What you need to do -> Starting at the line that contains "Комплект Omala создан", write out every line to the end of the records below exactly, and leave out the pictures.

Information given ->

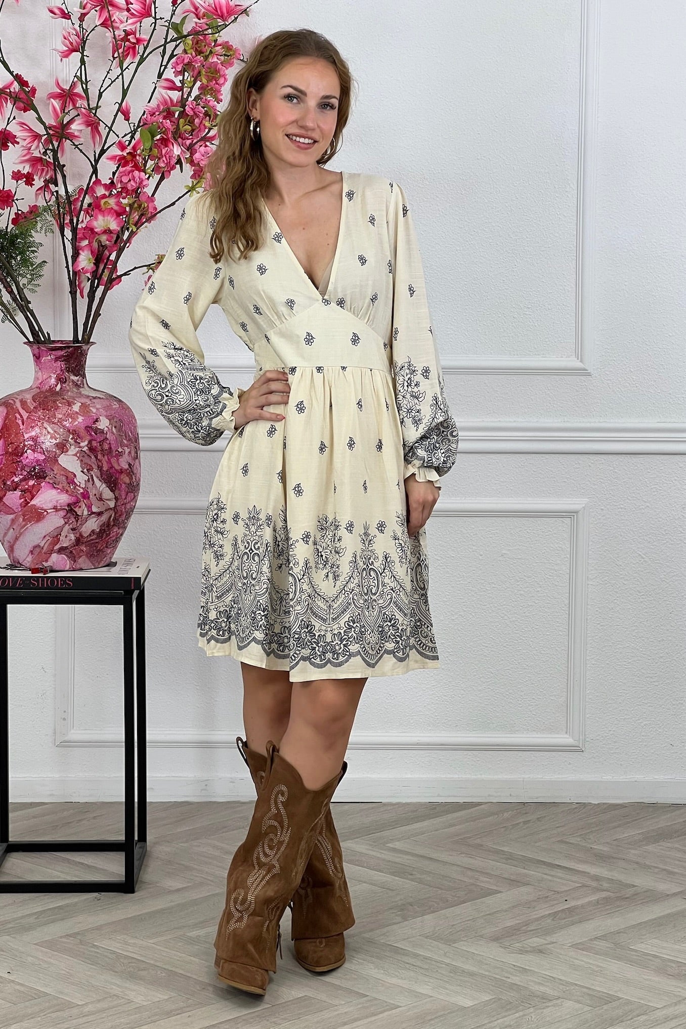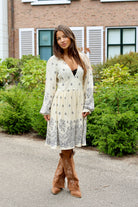 Deze supermooie jurk heeft een v hals, lange mouwen en een prachtige barok print! Shop hem nu in creme.
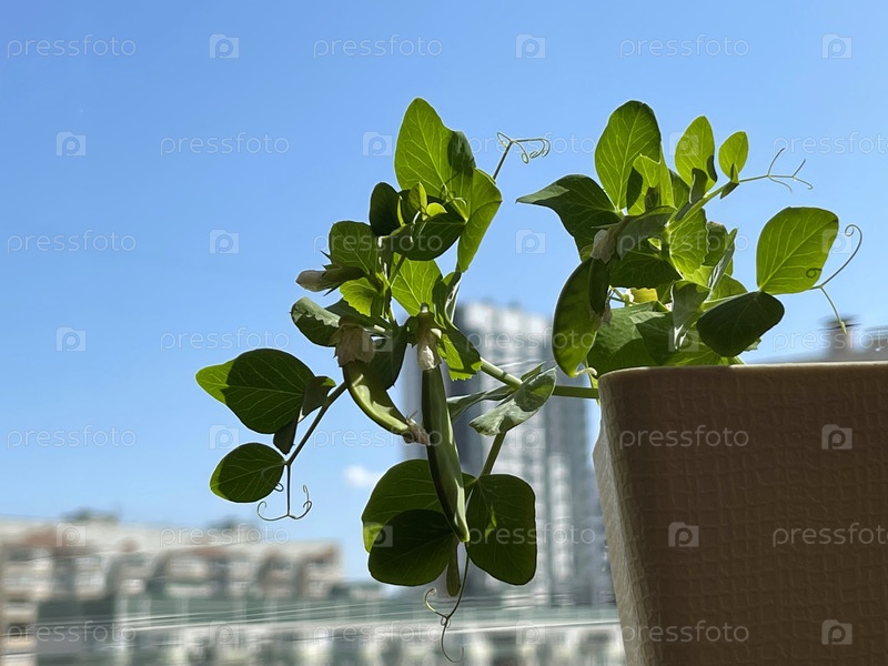 Балконный сад: горох на балконе в жилом многоквартирном доме. скопировать пространство
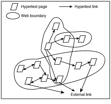 An important way to express information organization in hypertext is through diagrams that express linking relationships. In a system of webs, individual webs and pages within those webs might have many links between them. Some links might be from page to page or to webs outside the system. Figure 11.1 shows a diagram depicting the organization of a sample web system. The boundaries of the webs overlap when pages are shared among the webs.
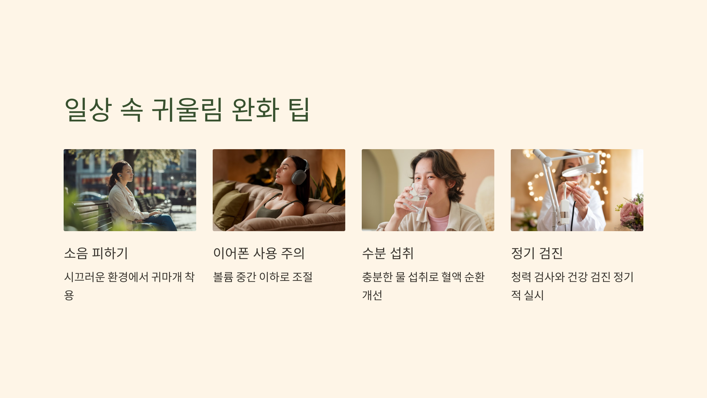 귀울림 완화는 작은 변화에서 시작됩니다. 다음은 일상에서 실천할 수 있는 몇 가지 간단한 팁입니다.
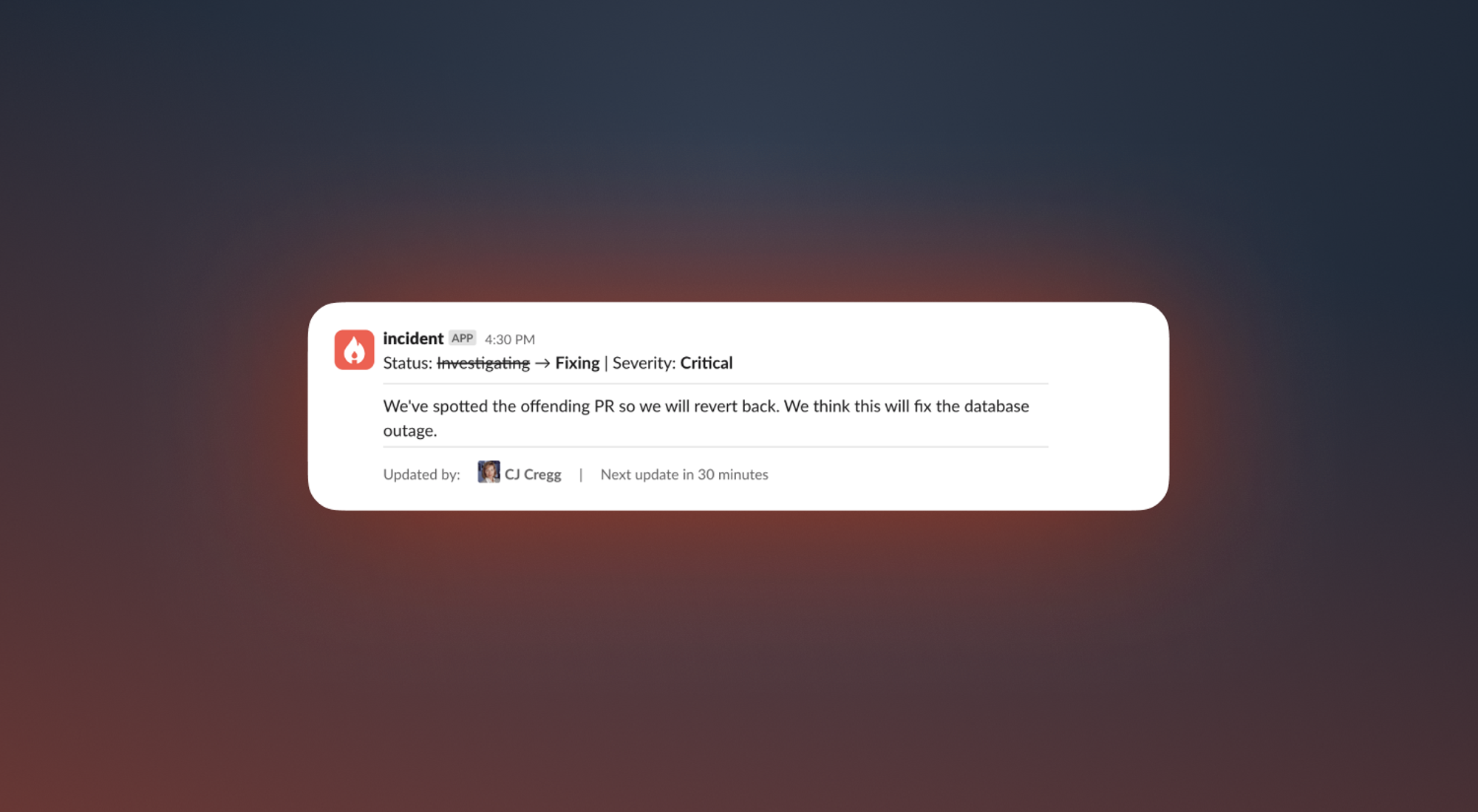 Now, these messages all have the same layout of information to make them easier to parse. We’ve moved buttons and extraneous links to the overflow menu, and we’ve added Slack avatars to highlight who made the incident update.
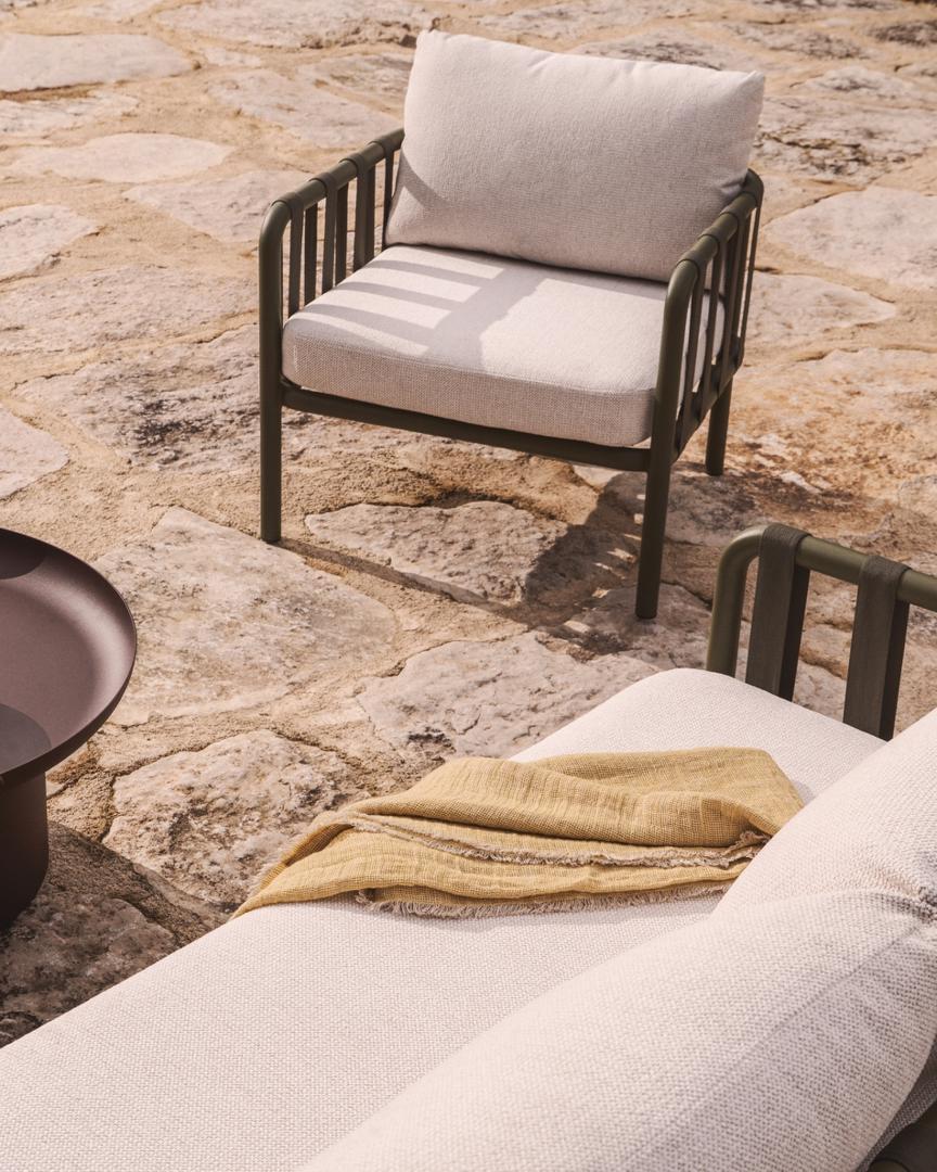 Комплект Omala создан для комфортного отдыха на природе. Его алюминиевая конструкция сочетает в себе легкость и прочность, сохраняя свой внешний вид со временем и под воздействием погодных условий. Спинка, изготовленная из атмосферостойкой ткани, адаптируется к телу и обеспечивает удобную осанку. Чехлы на подушки снимаются для удобства ухода; мы рекомендуем убирать их на хранение в дождливую погоду, чтобы сохранить их в хорошем состоянии. Omala сочетает в себе прочные материалы и внимание к деталям.
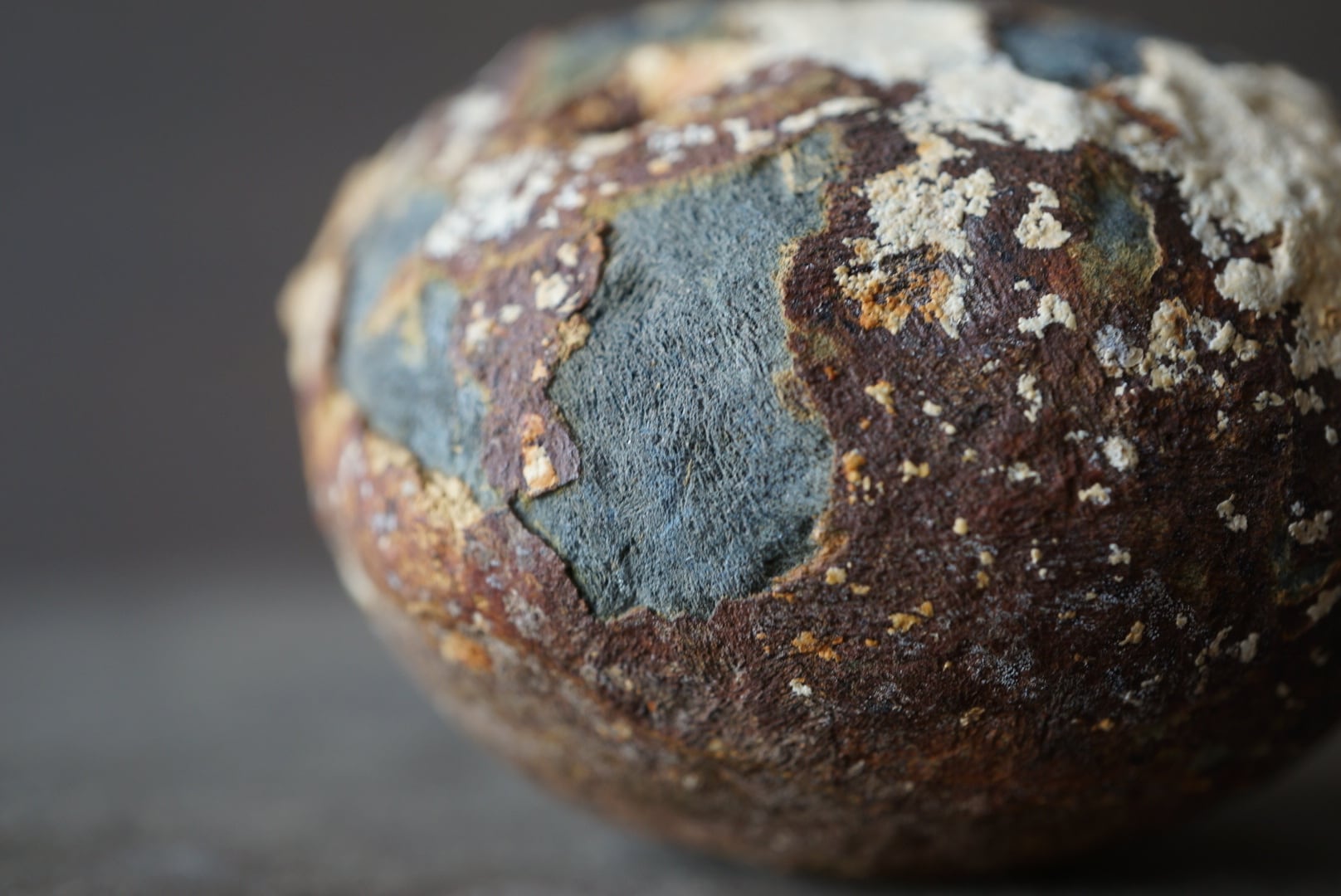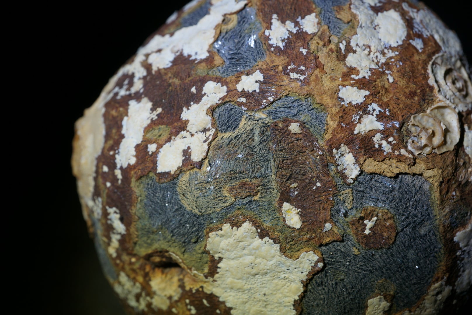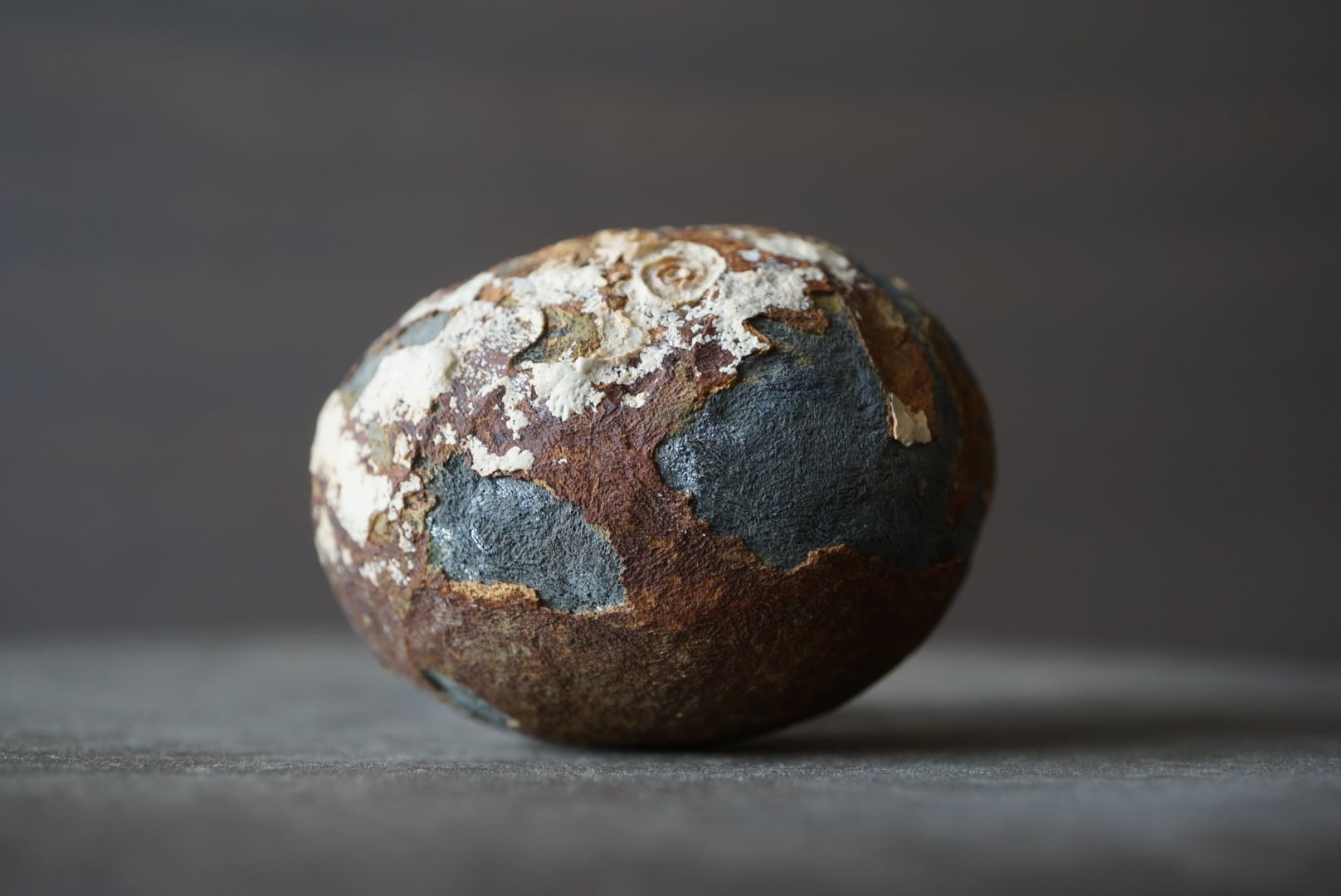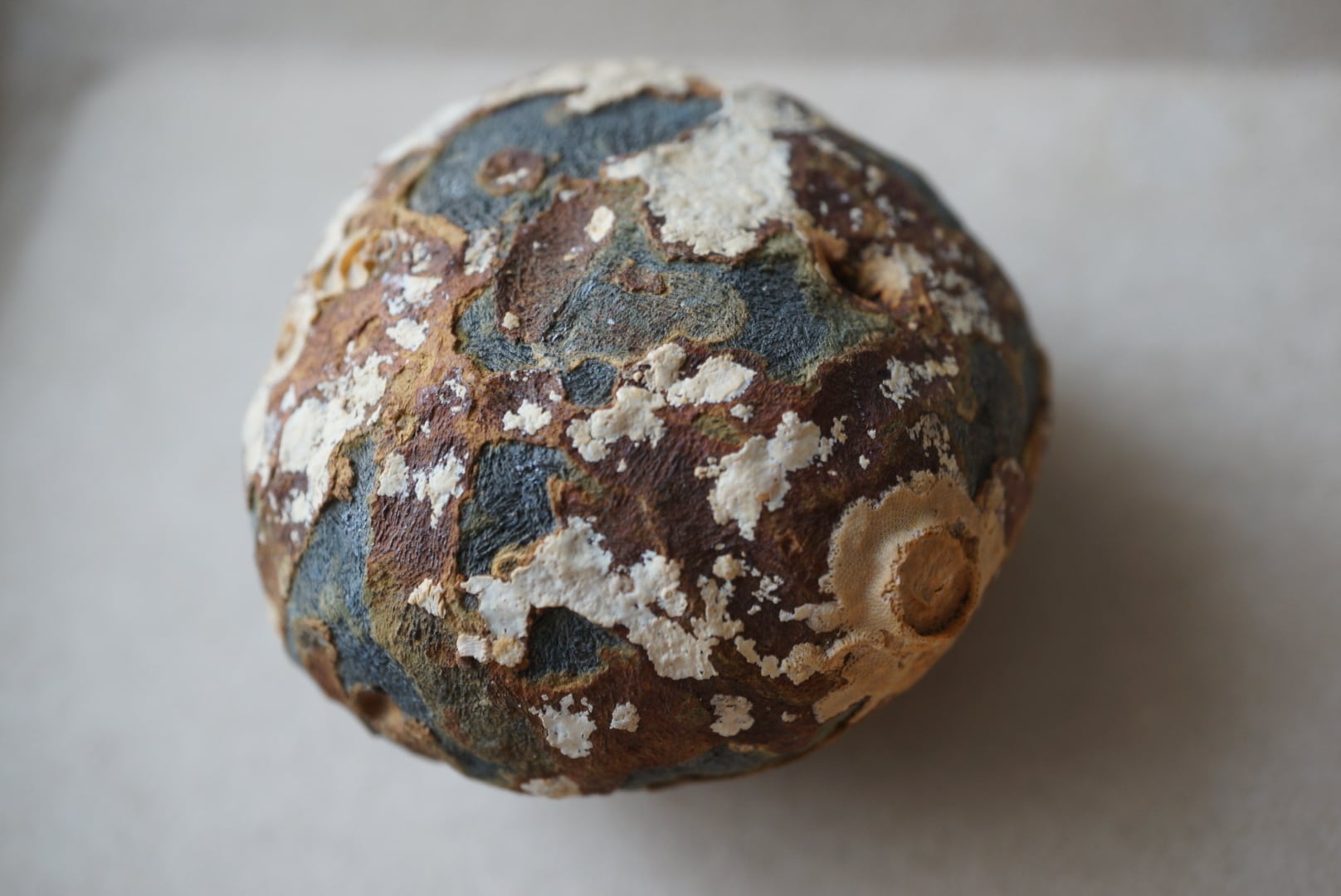 表面には貝殻やコケムシらしき海洋生物の痕跡が不規則な模様を描き、ひとつの惑星のような表情を見せています。

Exercise response ->
 Комплект Omala создан для комфортного отдыха на природе. Его алюминиевая конструкция сочетает в себе легкость и прочность, сохраняя свой внешний вид со временем и под воздействием погодных условий. Спинка, изготовленная из атмосферостойкой ткани, адаптируется к телу и обеспечивает удобную осанку. Чехлы на подушки снимаются для удобства ухода; мы рекомендуем убирать их на хранение в дождливую погоду, чтобы сохранить их в хорошем состоянии. Omala сочетает в себе прочные материалы и внимание к деталям.
 表面には貝殻やコケムシらしき海洋生物の痕跡が不規則な模様を描き、ひとつの惑星のような表情を見せています。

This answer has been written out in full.